EXERCISE REQUIREMENTS
Below are the records; print them again exactly and omit the pictures.

(EXTRACTED DATA begins)

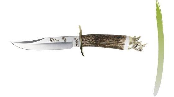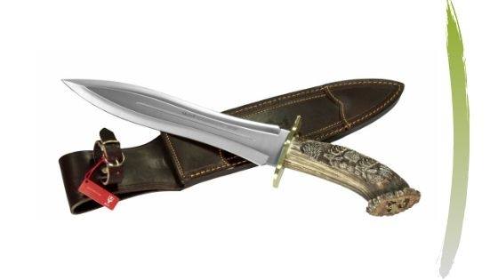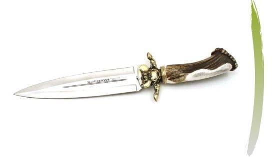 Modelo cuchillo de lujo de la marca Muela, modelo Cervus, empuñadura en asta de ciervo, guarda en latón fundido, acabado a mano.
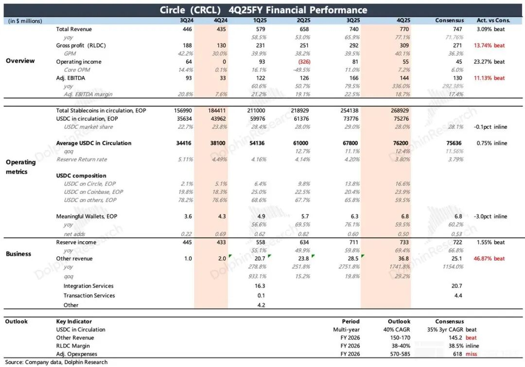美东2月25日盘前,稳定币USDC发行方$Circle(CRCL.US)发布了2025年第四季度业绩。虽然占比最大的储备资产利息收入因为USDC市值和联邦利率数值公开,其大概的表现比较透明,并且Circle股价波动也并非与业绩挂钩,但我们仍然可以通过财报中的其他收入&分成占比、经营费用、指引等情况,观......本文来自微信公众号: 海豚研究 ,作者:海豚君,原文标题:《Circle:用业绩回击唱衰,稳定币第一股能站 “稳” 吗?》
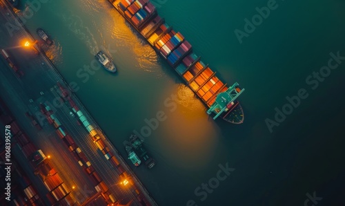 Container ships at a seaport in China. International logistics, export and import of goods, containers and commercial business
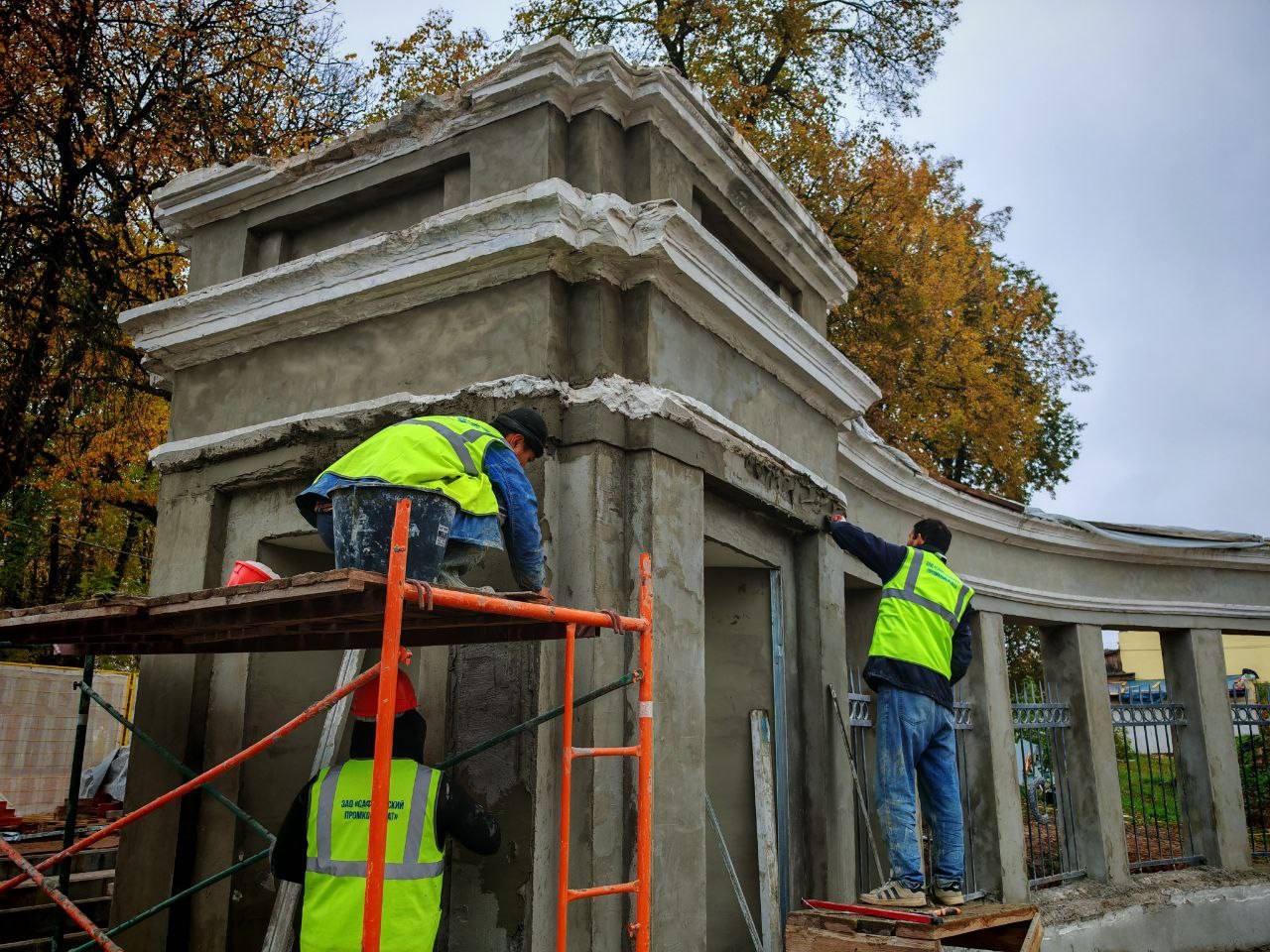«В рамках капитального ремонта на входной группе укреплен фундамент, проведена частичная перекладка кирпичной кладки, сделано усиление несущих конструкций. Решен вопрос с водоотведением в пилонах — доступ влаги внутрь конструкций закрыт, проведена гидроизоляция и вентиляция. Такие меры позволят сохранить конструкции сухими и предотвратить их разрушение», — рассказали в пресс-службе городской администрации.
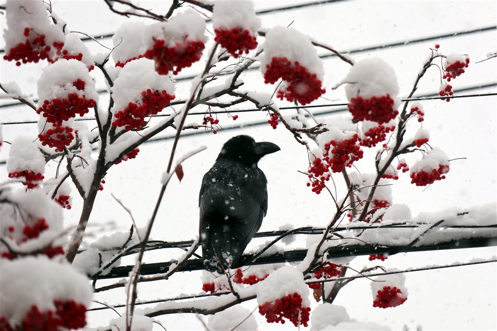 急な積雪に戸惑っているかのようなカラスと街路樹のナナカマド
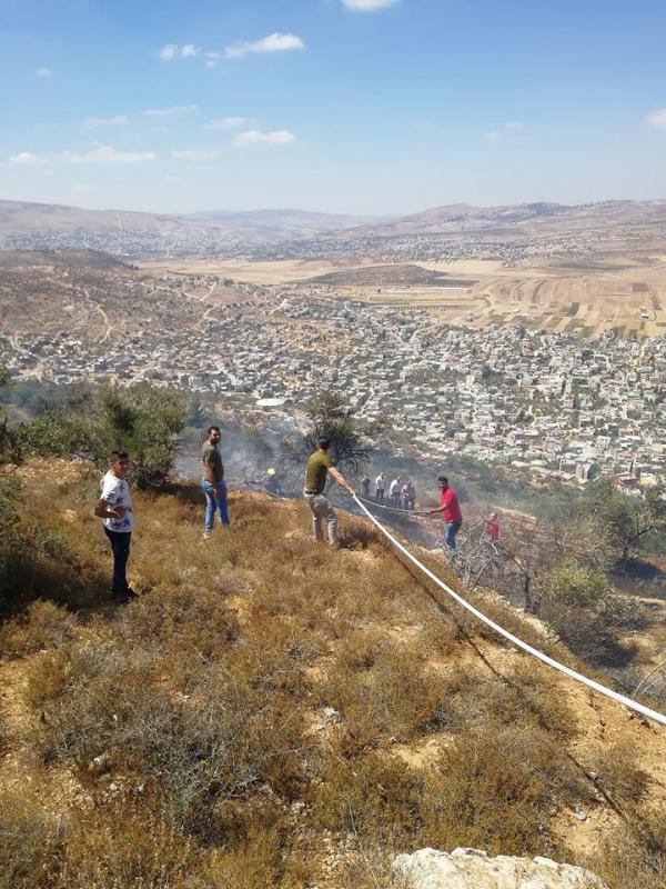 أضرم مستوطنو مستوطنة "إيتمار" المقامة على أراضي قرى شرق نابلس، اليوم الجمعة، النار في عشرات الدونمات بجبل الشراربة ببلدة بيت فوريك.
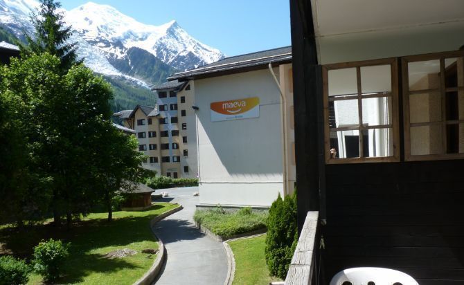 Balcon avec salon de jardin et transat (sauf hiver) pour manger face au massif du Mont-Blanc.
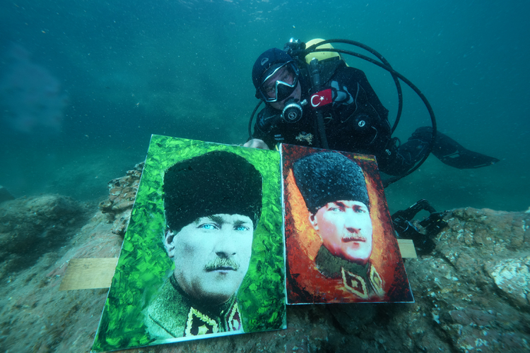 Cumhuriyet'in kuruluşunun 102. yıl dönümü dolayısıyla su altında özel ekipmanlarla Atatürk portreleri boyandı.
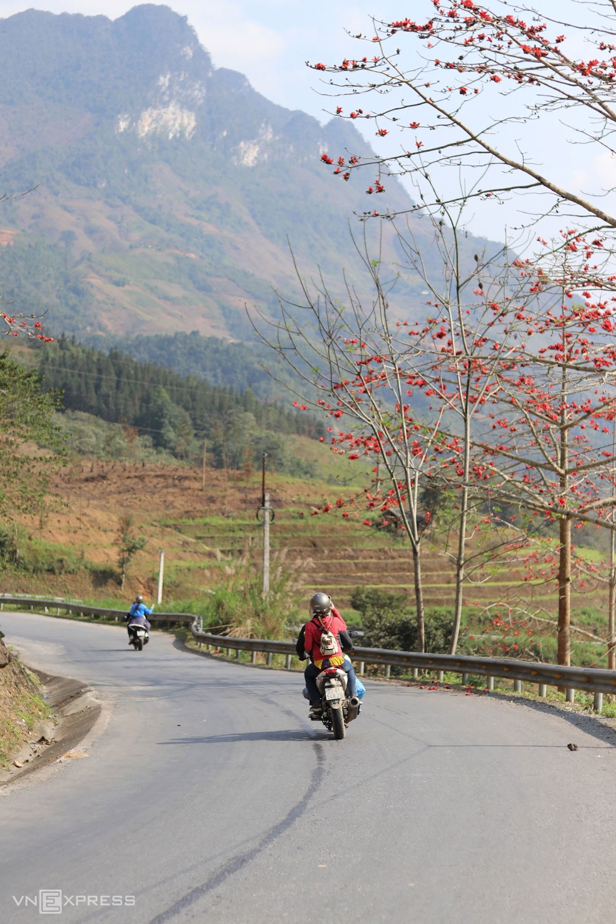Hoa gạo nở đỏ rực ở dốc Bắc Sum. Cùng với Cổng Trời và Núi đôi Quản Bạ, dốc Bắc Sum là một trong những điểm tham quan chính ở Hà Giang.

(EXTRACTED DATA ends)

THE ANSWER
 Modelo cuchillo de lujo de la marca Muela, modelo Cervus, empuñadura en asta de ciervo, guarda en latón fundido, acabado a mano.
美东2月25日盘前,稳定币USDC发行方$Circle(CRCL.US)发布了2025年第四季度业绩。虽然占比最大的储备资产利息收入因为USDC市值和联邦利率数值公开,其大概的表现比较透明,并且Circle股价波动也并非与业绩挂钩,但我们仍然可以通过财报中的其他收入&分成占比、经营费用、指引等情况,观......本文来自微信公众号: 海豚研究 ,作者:海豚君,原文标题:《Circle:用业绩回击唱衰,稳定币第一股能站 “稳” 吗?》
 Container ships at a seaport in China. International logistics, export and import of goods, containers and commercial business
«В рамках капитального ремонта на входной группе укреплен фундамент, проведена частичная перекладка кирпичной кладки, сделано усиление несущих конструкций. Решен вопрос с водоотведением в пилонах — доступ влаги внутрь конструкций закрыт, проведена гидроизоляция и вентиляция. Такие меры позволят сохранить конструкции сухими и предотвратить их разрушение», — рассказали в пресс-службе городской администрации.
 急な積雪に戸惑っているかのようなカラスと街路樹のナナカマド
 أضرم مستوطنو مستوطنة "إيتمار" المقامة على أراضي قرى شرق نابلس، اليوم الجمعة، النار في عشرات الدونمات بجبل الشراربة ببلدة بيت فوريك.
 Balcon avec salon de jardin et transat (sauf hiver) pour manger face au massif du Mont-Blanc.
 Cumhuriyet'in kuruluşunun 102. yıl dönümü dolayısıyla su altında özel ekipmanlarla Atatürk portreleri boyandı.
Hoa gạo nở đỏ rực ở dốc Bắc Sum. Cùng với Cổng Trời và Núi đôi Quản Bạ, dốc Bắc Sum là một trong những điểm tham quan chính ở Hà Giang.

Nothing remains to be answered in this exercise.